■ **DATA FOR PROCESSING**:
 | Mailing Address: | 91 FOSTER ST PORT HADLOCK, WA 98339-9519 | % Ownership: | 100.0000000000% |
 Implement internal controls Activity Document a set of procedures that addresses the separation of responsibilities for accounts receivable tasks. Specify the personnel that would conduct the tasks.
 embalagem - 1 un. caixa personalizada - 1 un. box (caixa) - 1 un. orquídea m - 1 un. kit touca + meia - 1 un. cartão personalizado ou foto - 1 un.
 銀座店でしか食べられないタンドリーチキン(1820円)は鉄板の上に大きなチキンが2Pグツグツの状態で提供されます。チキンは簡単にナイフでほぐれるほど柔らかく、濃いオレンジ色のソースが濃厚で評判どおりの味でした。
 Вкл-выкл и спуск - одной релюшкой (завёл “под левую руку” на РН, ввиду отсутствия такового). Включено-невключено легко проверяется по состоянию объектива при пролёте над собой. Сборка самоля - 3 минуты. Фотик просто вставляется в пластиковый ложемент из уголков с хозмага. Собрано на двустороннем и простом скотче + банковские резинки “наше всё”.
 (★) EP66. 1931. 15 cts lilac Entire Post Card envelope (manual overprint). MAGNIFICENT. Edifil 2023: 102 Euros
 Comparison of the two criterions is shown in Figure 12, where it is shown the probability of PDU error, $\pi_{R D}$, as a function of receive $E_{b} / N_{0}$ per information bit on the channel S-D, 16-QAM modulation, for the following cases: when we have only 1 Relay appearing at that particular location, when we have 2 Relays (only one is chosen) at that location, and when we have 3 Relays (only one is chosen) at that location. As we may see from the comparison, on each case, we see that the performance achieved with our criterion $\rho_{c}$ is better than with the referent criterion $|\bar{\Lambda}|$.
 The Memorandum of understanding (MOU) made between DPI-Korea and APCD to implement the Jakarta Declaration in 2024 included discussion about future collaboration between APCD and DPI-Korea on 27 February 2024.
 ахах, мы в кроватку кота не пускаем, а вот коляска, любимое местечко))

* * *

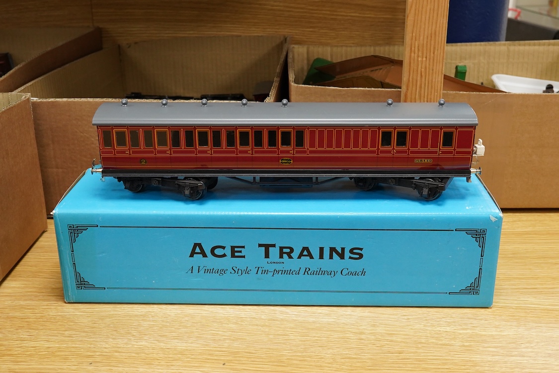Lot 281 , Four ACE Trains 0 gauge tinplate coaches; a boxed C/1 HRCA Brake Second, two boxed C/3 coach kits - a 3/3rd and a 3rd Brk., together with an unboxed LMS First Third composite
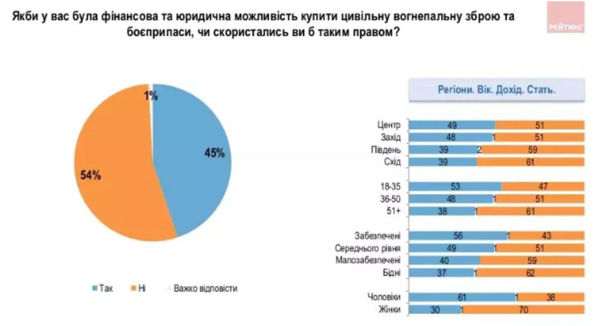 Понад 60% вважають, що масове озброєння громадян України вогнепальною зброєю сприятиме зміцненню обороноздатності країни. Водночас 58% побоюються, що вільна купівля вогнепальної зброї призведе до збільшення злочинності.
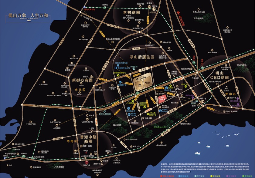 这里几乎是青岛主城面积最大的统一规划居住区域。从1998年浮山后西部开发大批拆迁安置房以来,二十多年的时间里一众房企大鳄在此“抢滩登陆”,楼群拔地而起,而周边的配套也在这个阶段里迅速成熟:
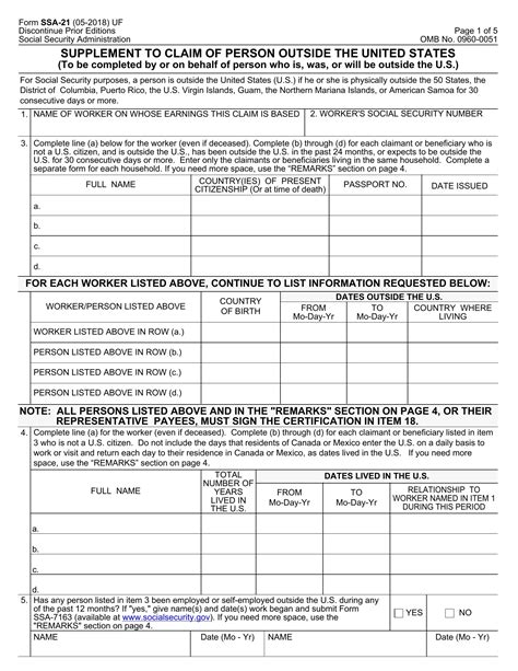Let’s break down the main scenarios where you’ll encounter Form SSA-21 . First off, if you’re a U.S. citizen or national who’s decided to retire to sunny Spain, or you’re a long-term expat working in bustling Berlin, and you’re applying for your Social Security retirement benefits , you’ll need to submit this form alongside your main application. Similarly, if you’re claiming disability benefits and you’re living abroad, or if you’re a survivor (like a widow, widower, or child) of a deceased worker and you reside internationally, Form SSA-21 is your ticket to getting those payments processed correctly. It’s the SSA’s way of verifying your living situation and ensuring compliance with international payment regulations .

■ **BRIEF**:
The range runs from the line with "The Memorandum of" up to and including the line with "ахах, мы в кроватку" in the listing above; please write out exactly those lines and nothing more.

■ **ANSWER FOR THE TASK**:
 The Memorandum of understanding (MOU) made between DPI-Korea and APCD to implement the Jakarta Declaration in 2024 included discussion about future collaboration between APCD and DPI-Korea on 27 February 2024.
 ахах, мы в кроватку кота не пускаем, а вот коляска, любимое местечко))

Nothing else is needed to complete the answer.